The people of Israel react with fear, “hiding in caves, among the thorns, among the rocks, in tunnels and in cisterns,” and some even flee across the Jordan (13:7). The Philistines then march their main troop towards Saul and his men in the Michmas pass (13:23).
With the 600 brave men who choose not to flee or hide, Saul makes his stand at Geba of Benjamin, just across the ravine from Michmas, (14:2). Unbeknownst to Saul, Jonathan takes his young armor-bearer and sneaks towards the Philistine camp (14:1) using two large stones on either slope of the ravine as cover (14:4). They kill some twenty Philistines in a surprise attack (14:14), which causes a panic to break out in the Philistine camp (14:15).

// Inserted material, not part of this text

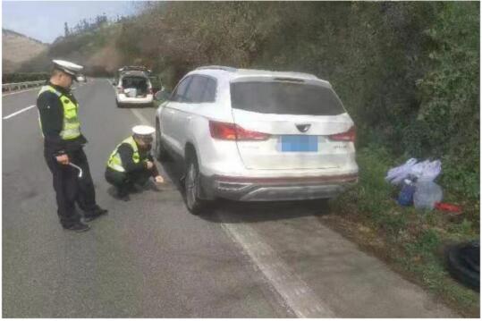 近日,保山市公安局交警支隊(duì)保龍一大隊(duì)民警巡邏至保龍高速公路龍陵至保山方向大官市路段時(shí),發(fā)現(xiàn)一輛號(hào)牌為云A牌照的小型越野車停在應(yīng)急車道內(nèi),車旁還有一人正焦急地走來走去。

Back in Saul’s camp, the scouts notice the Philistine terror, and Saul learns that Jonathan has left the camp, and is presumably attacking the Philistines (14:16–17). Before Saul joins the attack, he wants to know what is happening in the Philistine camp, so he turns to Ahiah, the priest that was introduced earlier in the story:
שמואל א יד:ג וַאֲחִיָּה בֶן אֲחִטוּב אֲחִי אִיכָבוֹד בֶּן פִּינְחָס בֶּן עֵלִי כֹּהֵן יְ־הוָה בְּשִׁלוֹ נֹשֵׂא אֵפוֹד...
1 Sam 14:3 Ahiah son of Ahituv brother of Ichabod son of Phinehas son of Eli, the priest of YHWH at Shiloh, was there bearing an ephod…
Now Saul asks Ahiah to consult YHWH:
שמואל א יד:יח וַיֹּאמֶר שָׁאוּל לַאֲחִיָּה הַגִּישָׁה אֲרוֹן הָאֱלֹהִים כִּי הָיָה אֲרוֹן הָאֱלֹהִים בַּיּוֹם הַהוּא וּבְנֵי יִשְׂרָאֵל.
1 Sam 14:18 Thereupon Saul said to Ahiah, “Bring the Ark of God here”; for the ark of God was at the time among the Israelites.
Before Ahiah has a chance to do anything with the ark, Saul sees that the Philistine camp is in total confusion, so he tells the priest to drop the attempt:
יד:יט וַיְהִי עַד דִּבֶּר שָׁאוּל אֶל הַכֹּהֵן וְהֶהָמוֹן אֲשֶׁר בְּמַחֲנֵה פְלִשְׁתִּים וַיֵּלֶךְ הָלוֹךְ וָרָב וַיֹּאמֶר שָׁאוּל אֶל הַכֹּהֵן אֱסֹף יָדֶךָ.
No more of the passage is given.